═════ DATA SHOWN

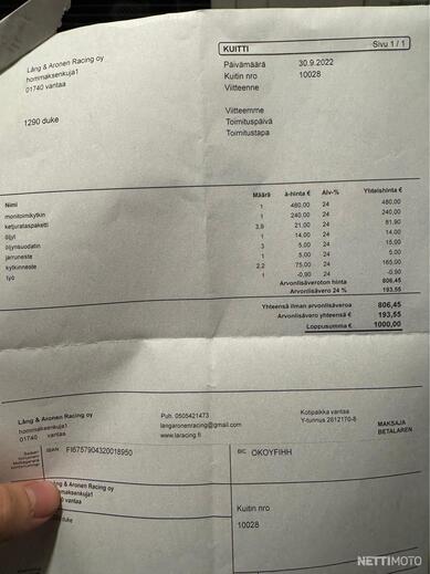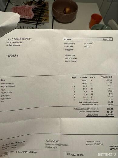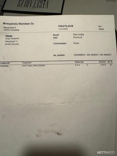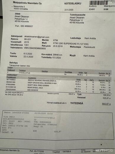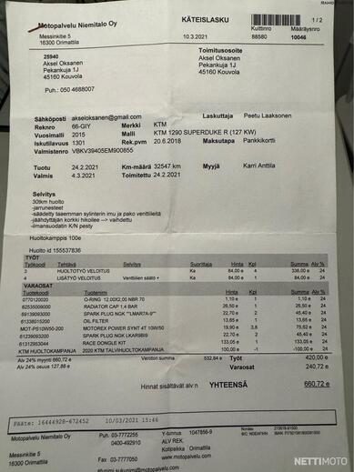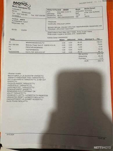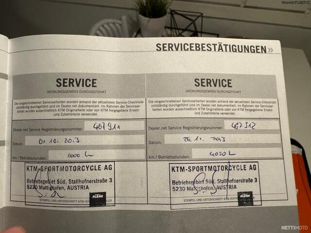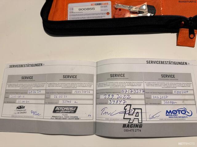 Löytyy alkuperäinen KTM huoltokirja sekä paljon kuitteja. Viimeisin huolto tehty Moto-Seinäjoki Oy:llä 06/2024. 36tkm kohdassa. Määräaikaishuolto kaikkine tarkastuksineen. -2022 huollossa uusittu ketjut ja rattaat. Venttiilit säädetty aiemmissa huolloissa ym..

══════════
═════ DATA SHOWN

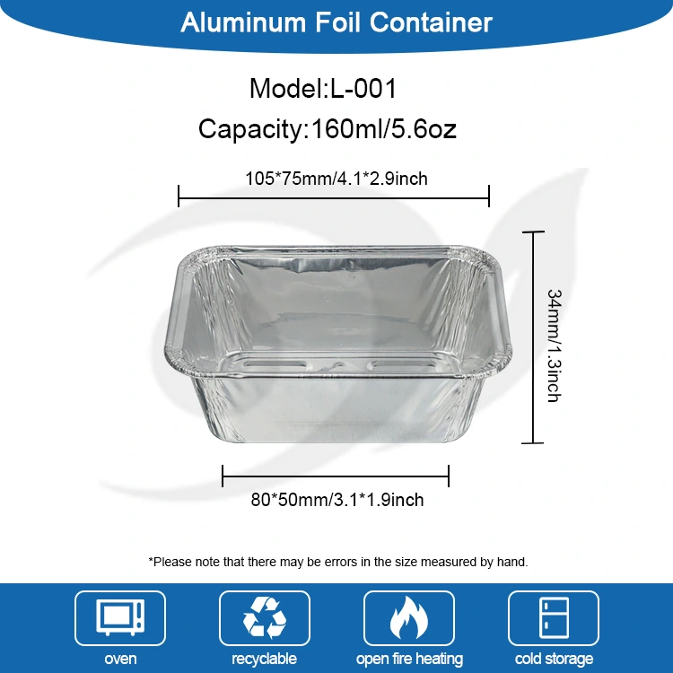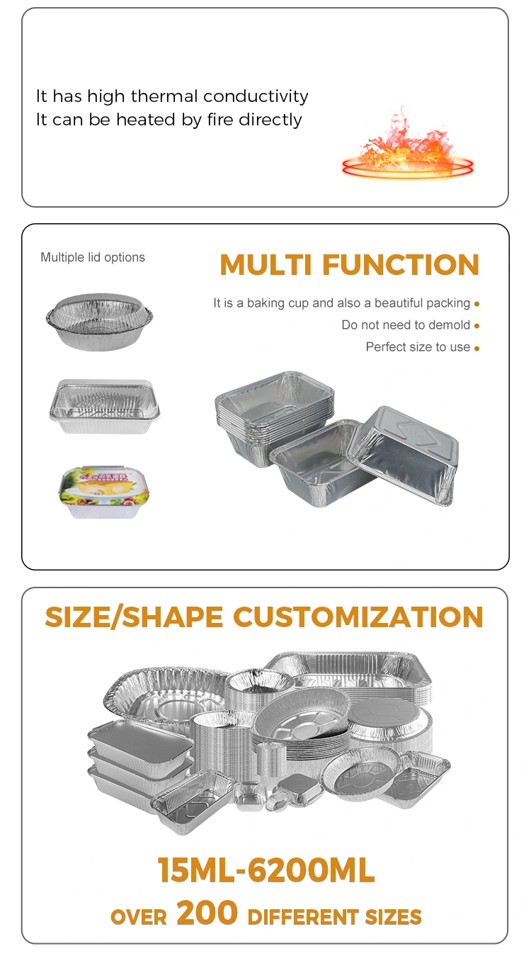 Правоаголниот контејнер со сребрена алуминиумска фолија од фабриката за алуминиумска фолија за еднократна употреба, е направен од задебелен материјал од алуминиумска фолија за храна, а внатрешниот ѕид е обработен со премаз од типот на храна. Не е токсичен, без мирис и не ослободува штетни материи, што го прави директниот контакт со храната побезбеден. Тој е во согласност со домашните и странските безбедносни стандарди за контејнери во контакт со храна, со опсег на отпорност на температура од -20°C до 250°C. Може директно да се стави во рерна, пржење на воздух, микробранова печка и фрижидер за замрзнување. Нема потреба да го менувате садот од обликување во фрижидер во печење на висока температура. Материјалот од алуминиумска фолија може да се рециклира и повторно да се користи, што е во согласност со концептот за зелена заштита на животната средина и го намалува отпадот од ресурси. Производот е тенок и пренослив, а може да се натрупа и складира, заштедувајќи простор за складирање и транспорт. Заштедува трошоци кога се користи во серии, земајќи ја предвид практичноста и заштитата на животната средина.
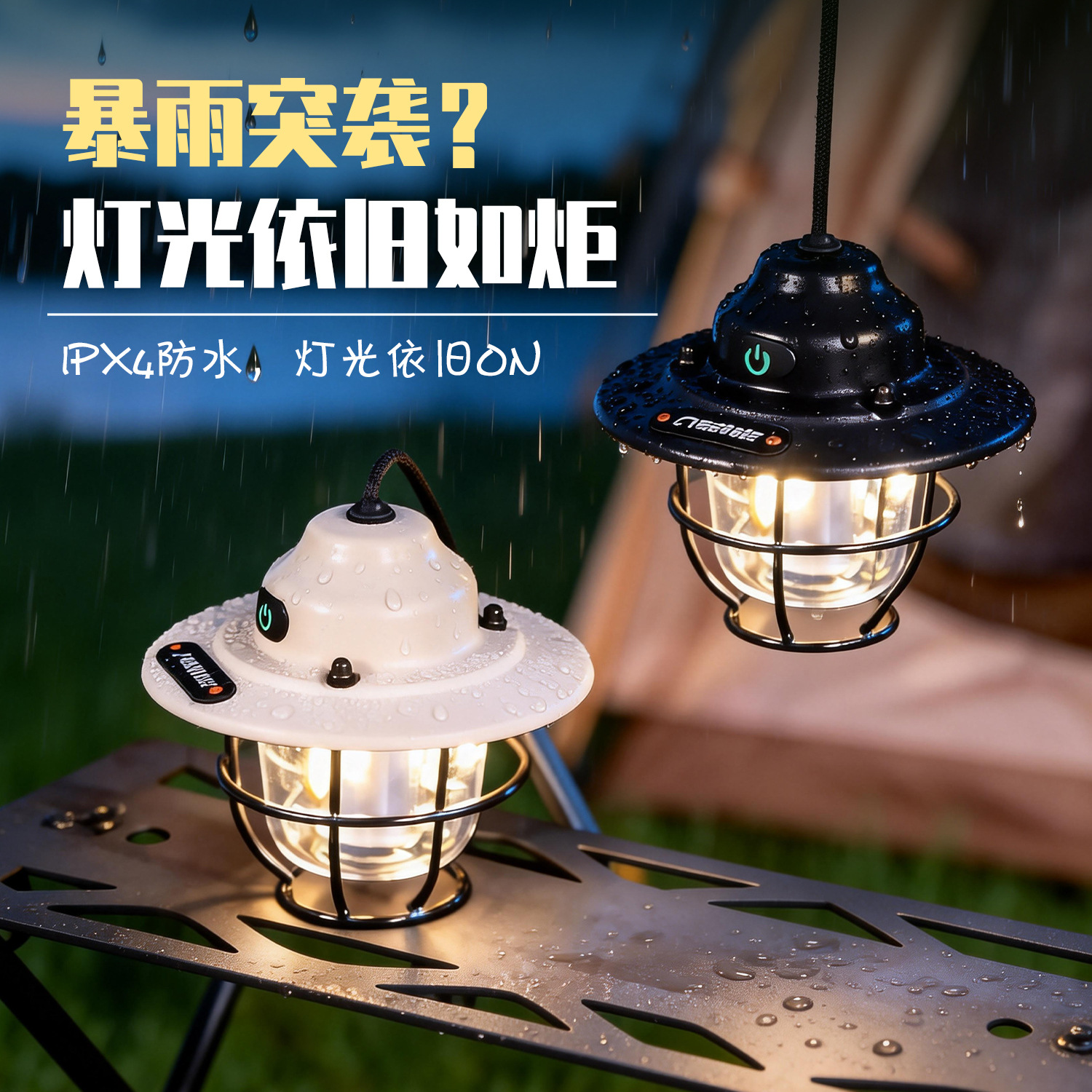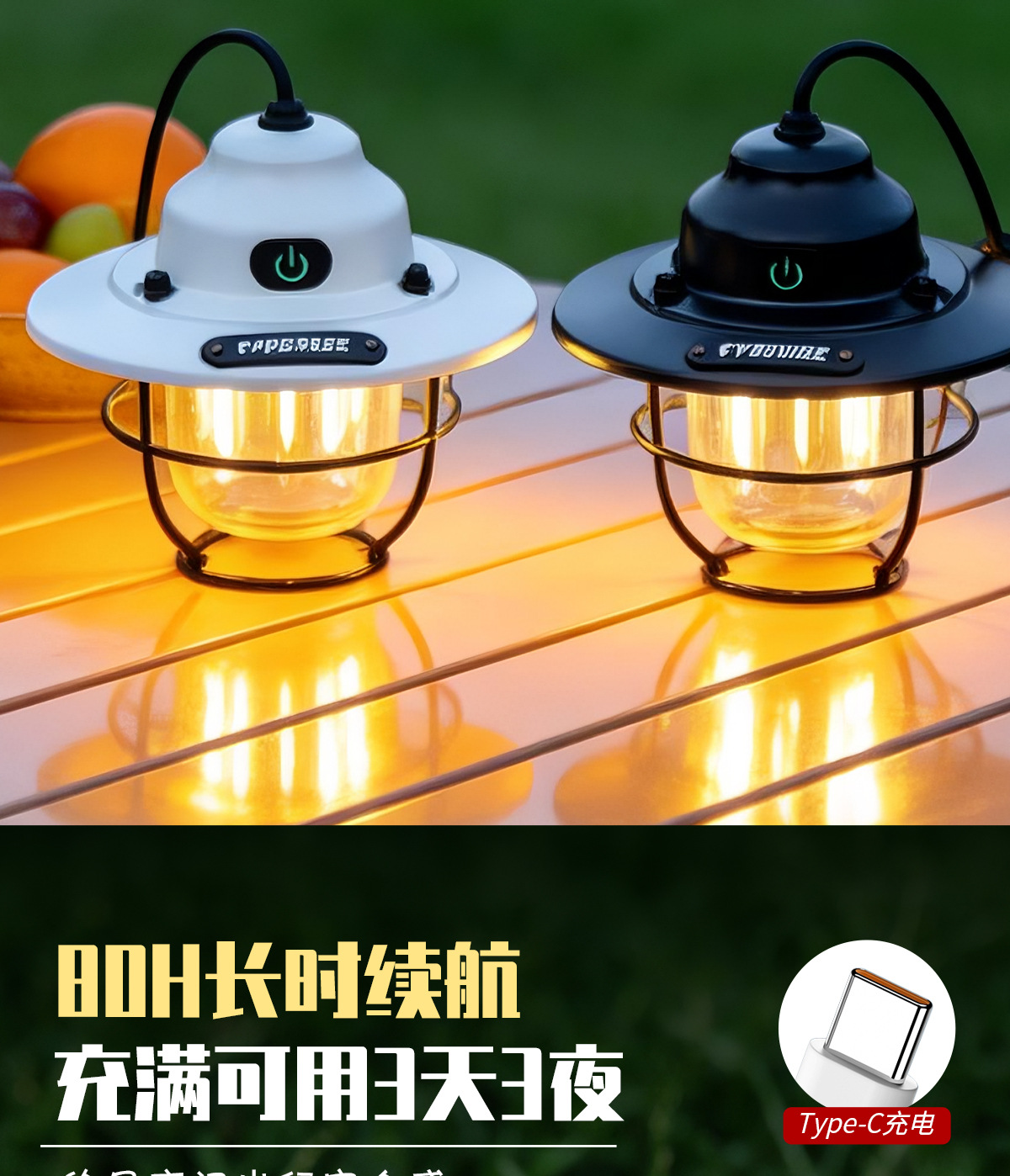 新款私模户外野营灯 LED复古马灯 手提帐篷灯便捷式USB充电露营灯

══════════
═════ DATA SHOWN

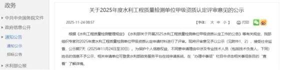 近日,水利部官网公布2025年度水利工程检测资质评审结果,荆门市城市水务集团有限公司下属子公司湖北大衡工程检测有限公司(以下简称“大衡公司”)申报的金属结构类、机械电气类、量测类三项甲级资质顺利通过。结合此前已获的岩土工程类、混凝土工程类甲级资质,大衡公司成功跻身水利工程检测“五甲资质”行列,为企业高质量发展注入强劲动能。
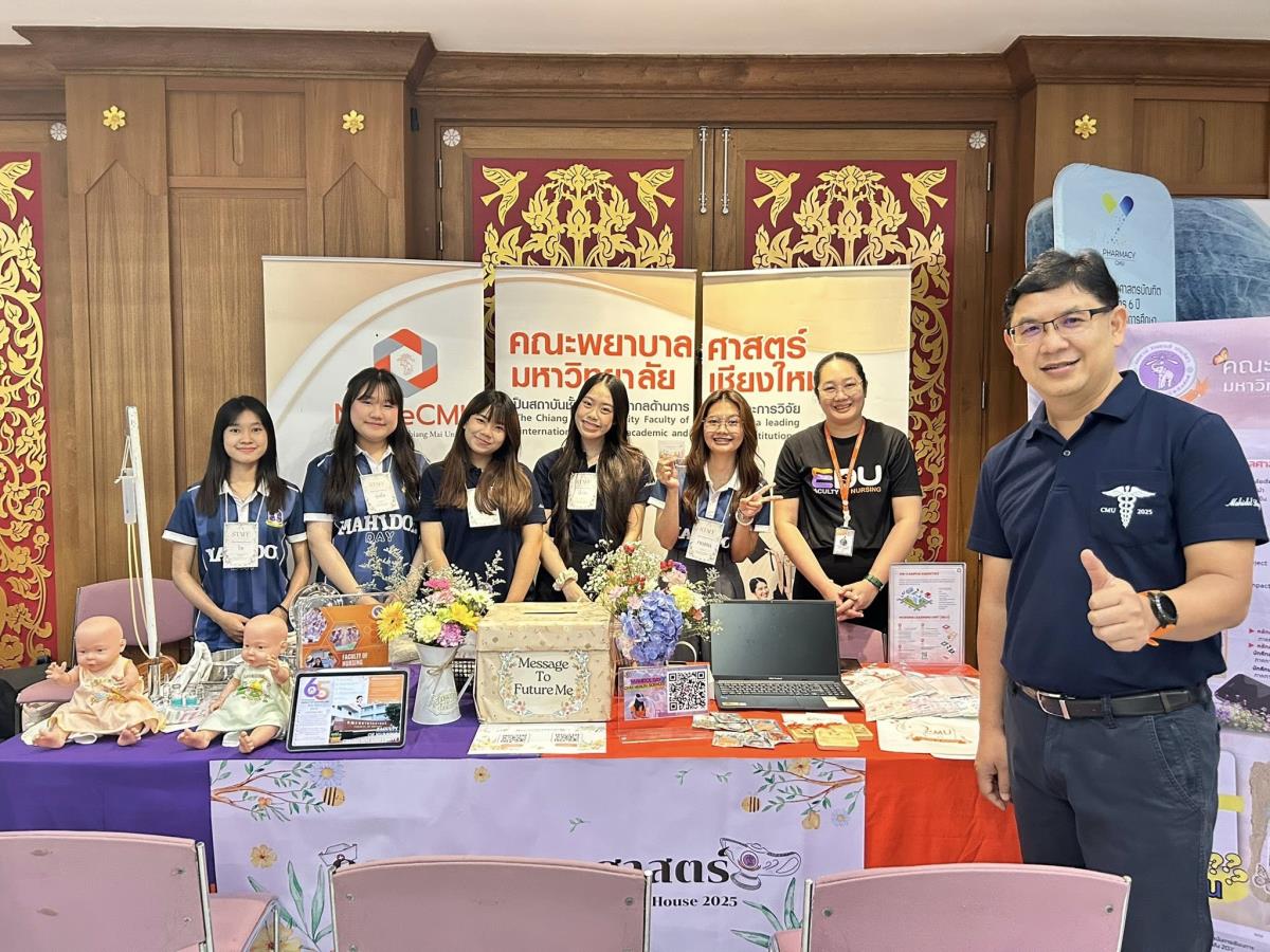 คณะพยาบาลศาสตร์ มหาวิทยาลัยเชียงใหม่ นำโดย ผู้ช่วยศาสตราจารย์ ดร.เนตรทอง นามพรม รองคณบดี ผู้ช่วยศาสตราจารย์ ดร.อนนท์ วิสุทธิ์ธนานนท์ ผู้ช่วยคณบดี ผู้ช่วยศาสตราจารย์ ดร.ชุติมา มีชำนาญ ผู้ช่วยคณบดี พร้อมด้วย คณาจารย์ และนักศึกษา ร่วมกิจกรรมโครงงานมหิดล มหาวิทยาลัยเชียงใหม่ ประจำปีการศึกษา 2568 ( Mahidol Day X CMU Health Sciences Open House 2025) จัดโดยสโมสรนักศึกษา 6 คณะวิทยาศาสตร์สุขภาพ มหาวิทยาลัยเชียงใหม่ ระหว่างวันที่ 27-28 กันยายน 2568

══════════

DIRECTIONS FOR THIS TASK: All that is wanted is the lines above between the one containing "近日,水利部官网公布2025" and the one containing "คณะพยาบาลศาสตร์ มหาวิทยาลัยเชียงใหม่ นำโดย", inclusive, restated word for word, with pictures omitted.

OUTPUT BELOW:
 近日,水利部官网公布2025年度水利工程检测资质评审结果,荆门市城市水务集团有限公司下属子公司湖北大衡工程检测有限公司(以下简称“大衡公司”)申报的金属结构类、机械电气类、量测类三项甲级资质顺利通过。结合此前已获的岩土工程类、混凝土工程类甲级资质,大衡公司成功跻身水利工程检测“五甲资质”行列,为企业高质量发展注入强劲动能。
 คณะพยาบาลศาสตร์ มหาวิทยาลัยเชียงใหม่ นำโดย ผู้ช่วยศาสตราจารย์ ดร.เนตรทอง นามพรม รองคณบดี ผู้ช่วยศาสตราจารย์ ดร.อนนท์ วิสุทธิ์ธนานนท์ ผู้ช่วยคณบดี ผู้ช่วยศาสตราจารย์ ดร.ชุติมา มีชำนาญ ผู้ช่วยคณบดี พร้อมด้วย คณาจารย์ และนักศึกษา ร่วมกิจกรรมโครงงานมหิดล มหาวิทยาลัยเชียงใหม่ ประจำปีการศึกษา 2568 ( Mahidol Day X CMU Health Sciences Open House 2025) จัดโดยสโมสรนักศึกษา 6 คณะวิทยาศาสตร์สุขภาพ มหาวิทยาลัยเชียงใหม่ ระหว่างวันที่ 27-28 กันยายน 2568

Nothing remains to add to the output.